Real estate investing continues to soar in global popularity. In fact, flipping real estate and home rehabs are now primary focuses for many investors. One of the main reasons for this is that anyone can do it. No longer does rehabbing properties require extensive industry experience or countless years of education to seal deals. It’s simply a matter of staying abreast on all the latest real-estate developments and trends. You can also tap into these burgeoning and growing trends by networking with local agents and real-estate flippers in your area.
While rehabbing properties is a great way to generate substantial incomes — there is still plenty that can go wrong on every deal. In fact, you must understand the core essentials of flipping before investing your funds into these deals. Here are some key elements and aspects you must keep in mind for any successful house flip.
The Offer Price
The purchase — or offer — price is the starting point for any real-estate transaction. The basic rule is that the lower you get the purchase price — the higher the potential upside. However, this is not set in stone — and it is okay to go above your bottom line should the need arise. Sadly, many new investors fail to recognize that the ultimate goal Is not to get the offer accepted — but get is accepted at your asking price. Remember, the end-goal is to make a profit and not just to complete the project.
With this in mind, you can go over the number you think is fair. However, you will surely have to compensate in other areas. This could have an impact on the work quality, as well as the end sales prices. As intricate and detailed as this seems, you must also know when to walk away if the deal is no longer viable. The purchase price will dictate the transaction, as well as everything else you do during the project.
The cost of repairs also needs to be taken into consideration. After all, it will be up to you to add value to the property with improvements. However, how much are you willing to invest? Also, is it guaranteed that you will see a return on investments when the deal goes through? With this in mind, always remember that not all improvements or enhancements will give you the right bang for the buck. This means you need to perform repairs that reflect what the market — and potential buyer and investors are looking for. This means your rehab does not have to look like other properties in the area — but what your target buyers may require.

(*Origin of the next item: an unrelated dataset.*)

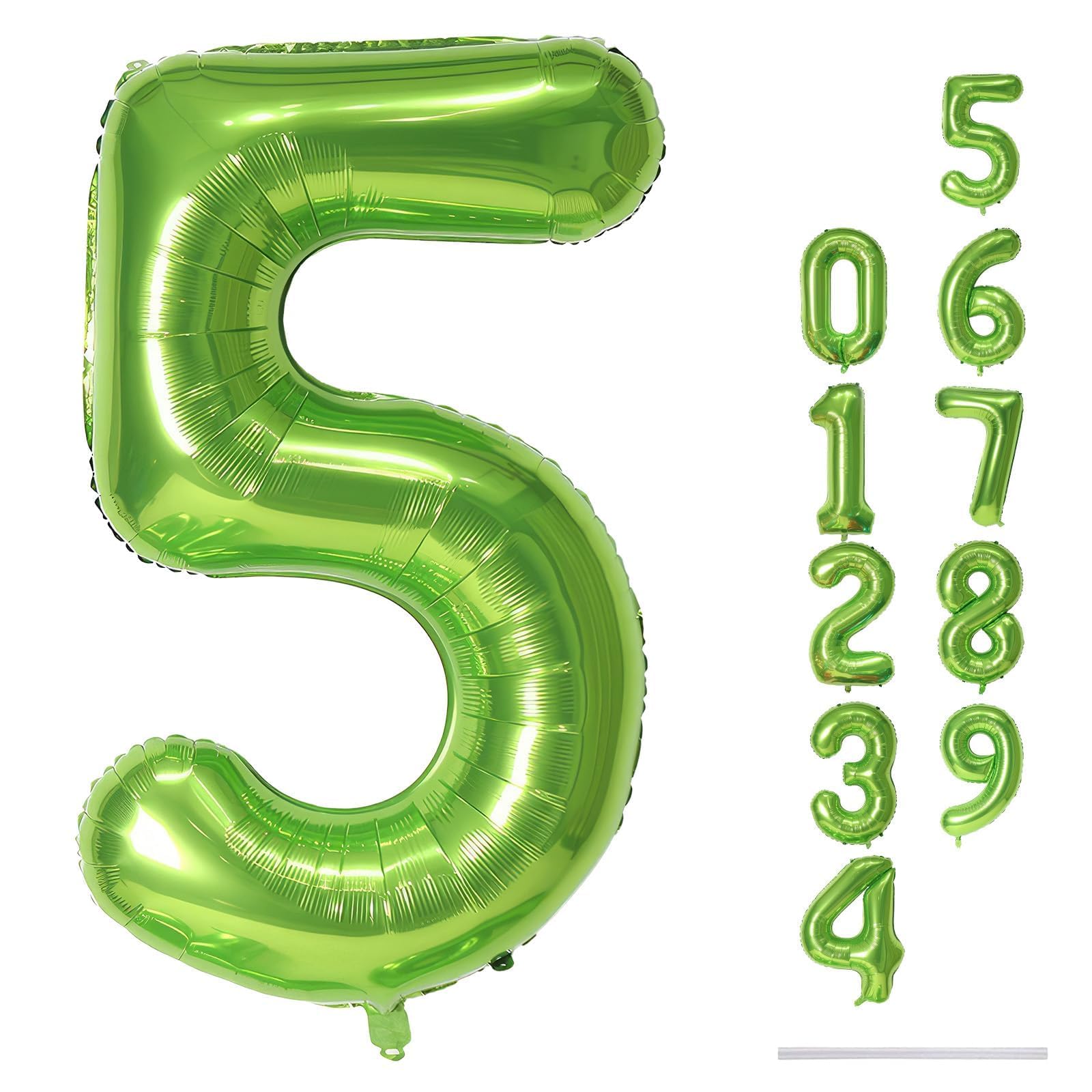 🎉 Green Number 5 Balloon 🎉 - You will get 1pc 40 inch mylar foil number 5 balloon and 1pc straw. Perfect for 5th 15th 25th 50th 45th birthday or anniversary party decorations supplies.

It is best to consult with your contractor about a realistic set of improvements. These should stay within your allocated budget, while taking into the account the cost of labor, materials and overall work. These expenditures should be reflected in the price you offer, as well as the after repair value. Once your offer is accepted, it is essential that you and your contractor — or team — do everything to stay under the number that is budgeted.
What about After Repair Value (ARV)?
The key to any successful property rehab is estimating what impacts your improvements will make on overall property value. For this, you can access comparable sales and listings online –as well as your general area and vicinity. However, do remember that nothing is ever guaranteed when it comes to real-estate. In fact, some rehabs continue to lay dormant due to a halt in modifications or simply not getting the price owners demand.
Therefore, it is best to study the market and find comparables that most buyers look at when it comes to rehabbed properties. You must also remain committed and positive throughout the ARV process. This means sticking to the budget for property improvements — with a strong focus on targeting geo-specific buyers and learning what they want in any rehabbed home.
Unlike other short or quick sales, house flipping works best when you stay within budget. You may stray off course here and there — but your overall numbers should be preserved — especially when it comes to repair funds allocation. Unfortunately, way too many property rehabbers fail to stay on top of every expense associated with the project. So much so that at the end of the project — they find themselves out of pocket and with no guarantee of an immediate sale and ROI. Therefore, it is best to keep a checklist of the following expenditure to ensure you stay as close to the budget as possible.
– Take into account the expenses related to carrying costs, insurance, and repair materials.
– Keep a strong eye on all property rehab repairs, modifications, and enhancements.
– If you have to go over the budget for any reason, make sure you get compensated in other areas.
– Never forget to add the amount of repairs, labor, and work in your asking price. However, if it comes down to a few dollars or so — you must be flexible enough to accept offers that may be slightly below your asking price.
– Look at the big picture in terms of profits and reimbursement. However, never stray too far from budget allocation — this will reduce your expected profits and you may even have to incur a slight loss.
List at the Right Price
While every property flipper or rehabber thinks his or her home is the best, most buyers simply do not care what you went through to finish the project. All they really care about is the finished product, as well as how much they can save with the investment. As a result, it is best to list a reasonable price for the property; one that can effectively attract and engage buyers but not be too low.
If you have an inflated opinion about the property — you will be tempted to list too high. This will surely turn away potential buyers and may result in your rehab staying on the market longer than needed. Therefore, find a right price by comparing it with others on the market and you should be able to land that sale quickly and within your price range!